Though his magazine profits from selling its articles, Texas Monthly’s Curtis insists this has no impact on editorial decisions. Says he: "Everybody understands that a magazine exists for its readers."

How do the writers, who for years have traded dances with both editors and agents, feel about all this? "The money is great," says Sager. And scripts that come out of good magazine articles can mean better movies, says Marie Brenner, a writer-at-large for Vanity Fair. Her piece on tobacco industry whistleblower Jeffrey Wigand was bought by Disney. It is now in production as a movie, with Russell Crowe as Wigand, Al Pacino as 60 Minutes producer Lowell Bergman, and Christopher Plummer as Mike Wallace.

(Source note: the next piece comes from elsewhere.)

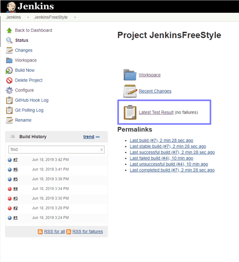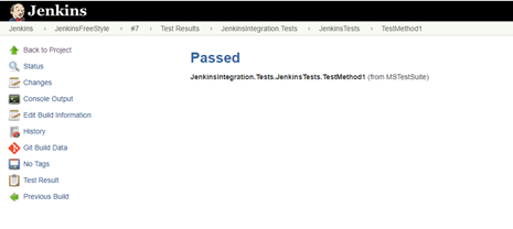 Now, save the configuration, go to the home page and run the created trigger. Now once build completes, check the build execution for the newly triggered build and we see that the build is executed, and tests are passed. You can check the test result by clicking on the “Latest Test Results” link.

But Brenner admits that the Hollywood connection could affect the content. "Are you doing an article because it might sell, or because it is journalistically sound?" she asks. "This worries me, what an editor chooses to assign." When asked to describe the juncture between journalism and Hollywood, Brenner envisions "the big story meeting in the sky. Think of it: editors, reporters, and indies pumping up the narrative, e-mailing two-sentence synopses to Tom Hanks and Denzel Washington. It makes me laugh. I may even put this idea in development."